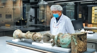 文物修復(fù)四川省文物考古研究院三星堆遺址工作站站長雷雨在查看拼對成功的鳥足曲身頂尊神像。新華社記者 肖 林攝
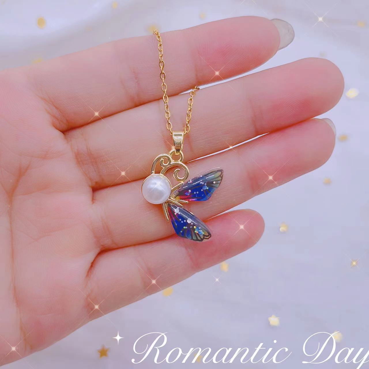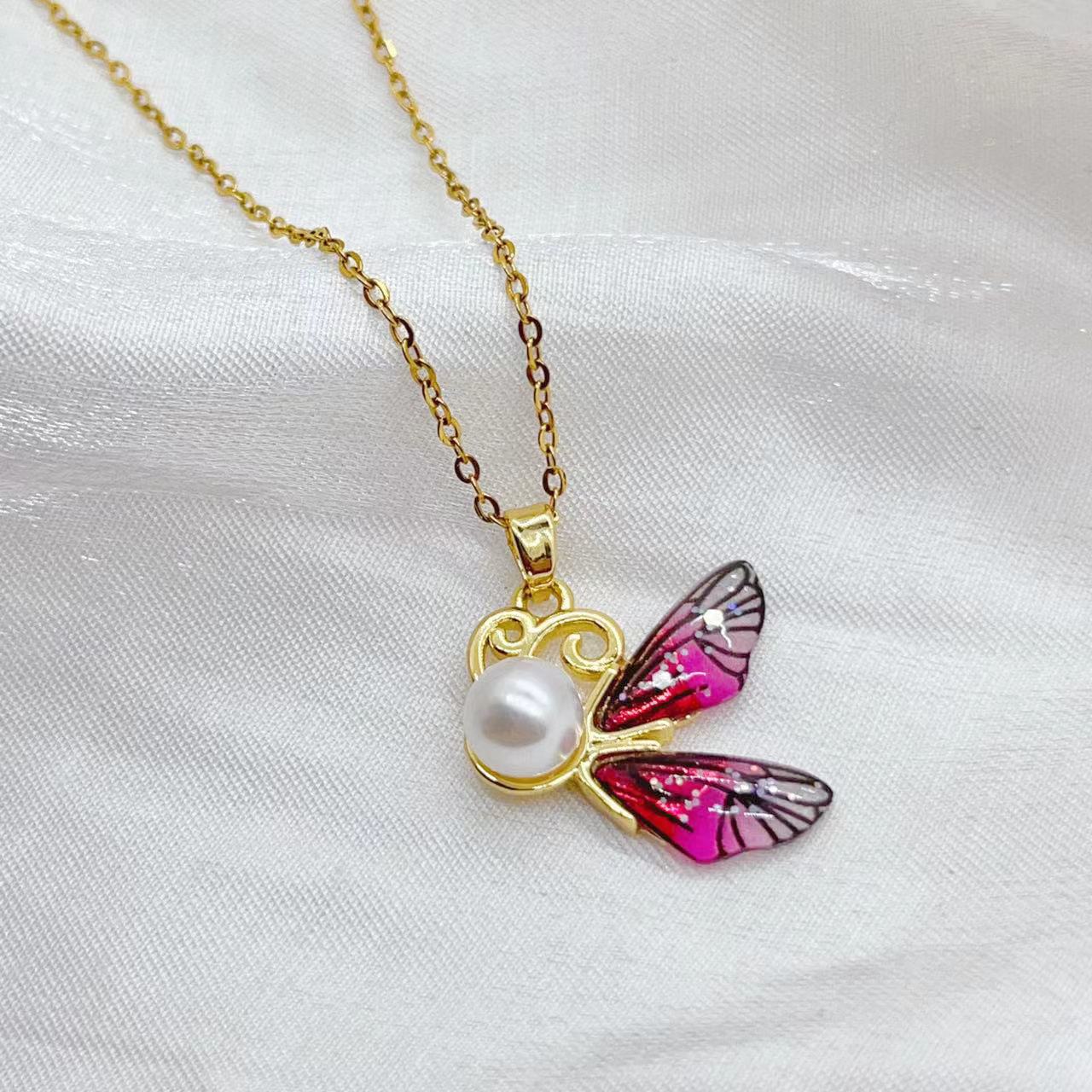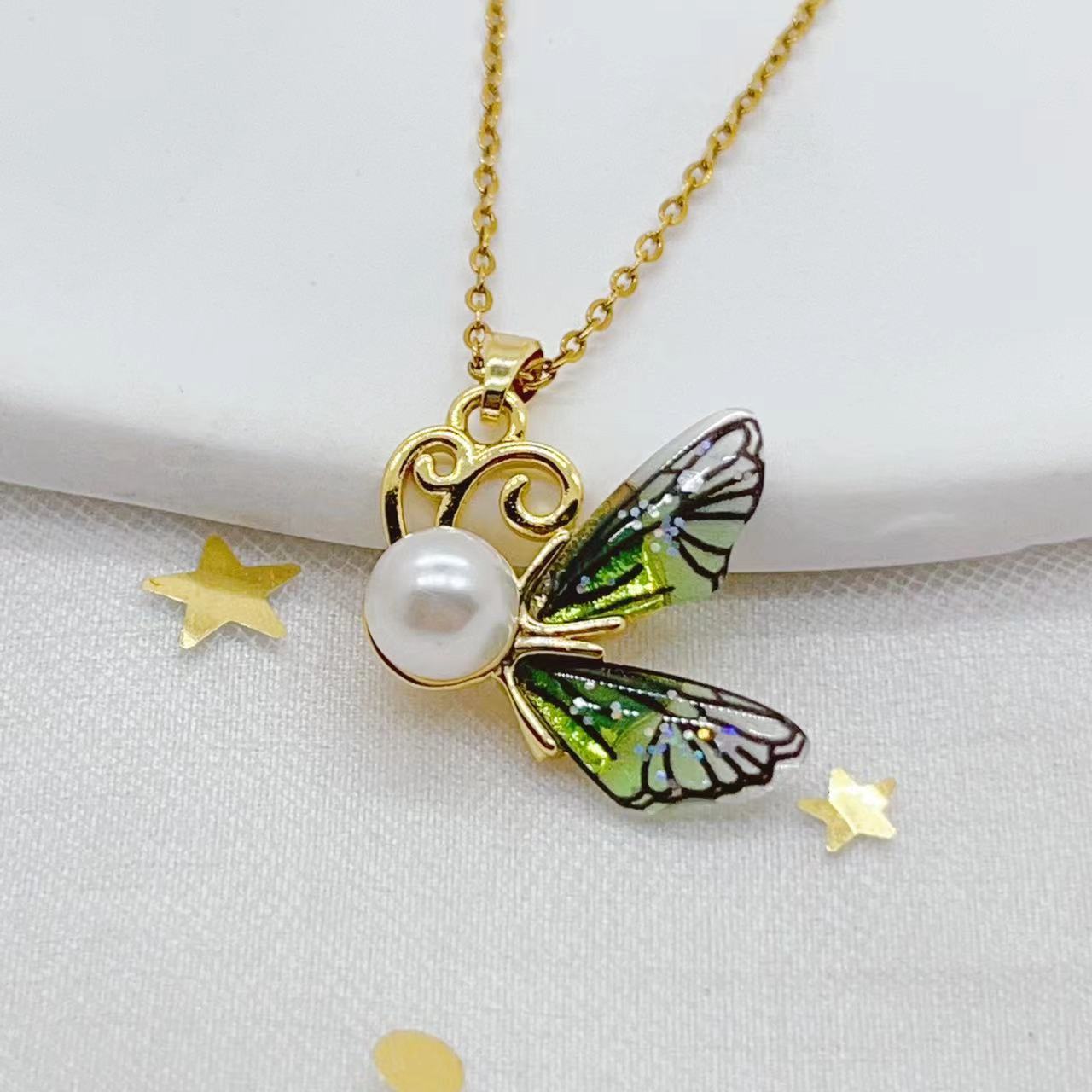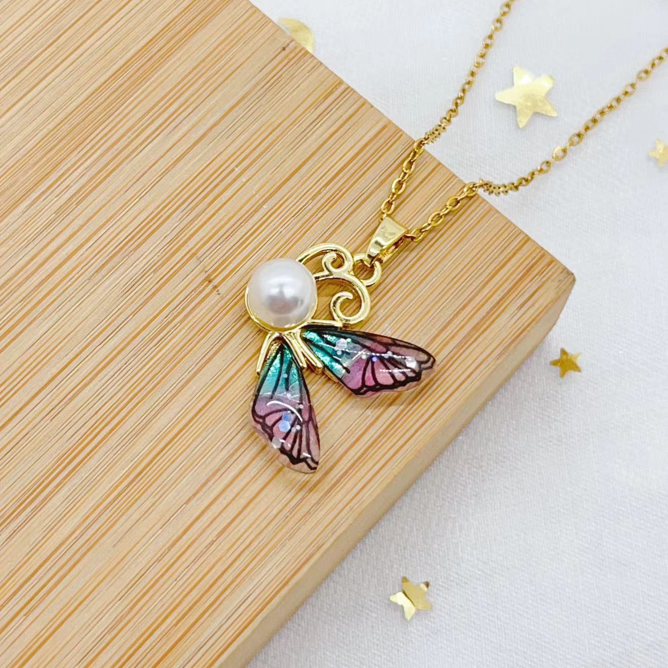 跨境爆款滴胶蝴蝶钛钢项链女时尚幻彩百搭饰品珍珠流行锁骨链女
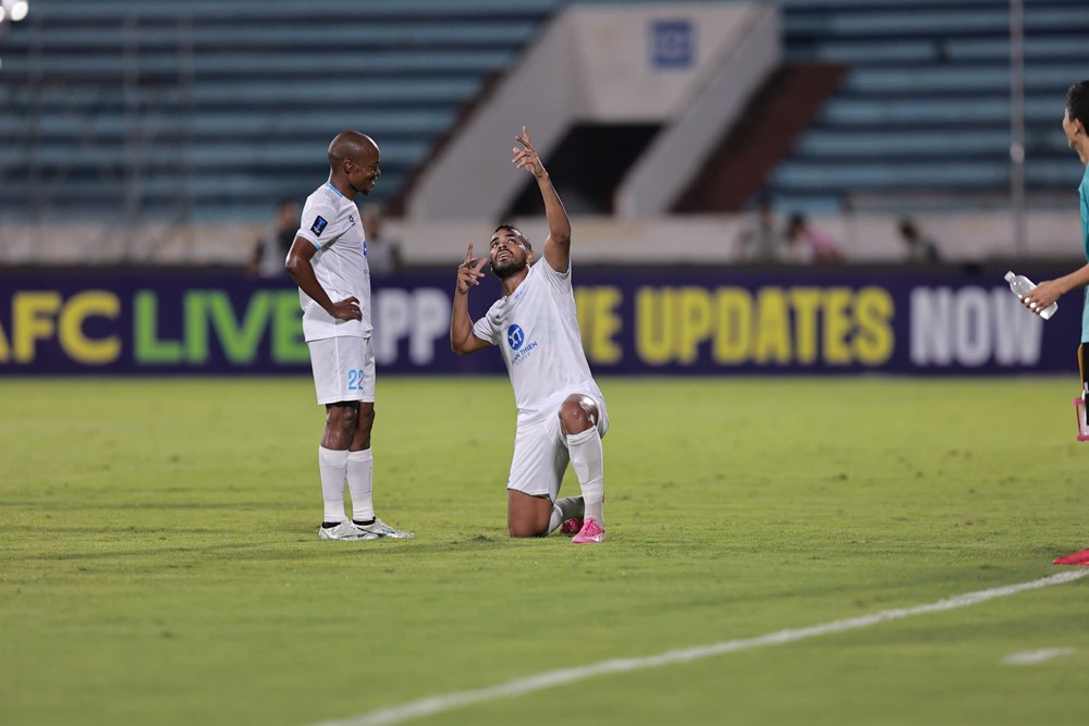 Mahmoud Eid băng lên bên cánh phải nhận đường chuyền của đồng đội, anh treo bóng về phía cột xa để Caio Cesar nỗ lực dứt điểm chéo góc tung lưới Ratchaburi.

PROBLEM:
All of the data above is to be repeated exactly, with the pictures left out.

TASK OUTPUT:
 文物修復(fù)四川省文物考古研究院三星堆遺址工作站站長雷雨在查看拼對成功的鳥足曲身頂尊神像。新華社記者 肖 林攝
 跨境爆款滴胶蝴蝶钛钢项链女时尚幻彩百搭饰品珍珠流行锁骨链女
 Mahmoud Eid băng lên bên cánh phải nhận đường chuyền của đồng đội, anh treo bóng về phía cột xa để Caio Cesar nỗ lực dứt điểm chéo góc tung lưới Ratchaburi.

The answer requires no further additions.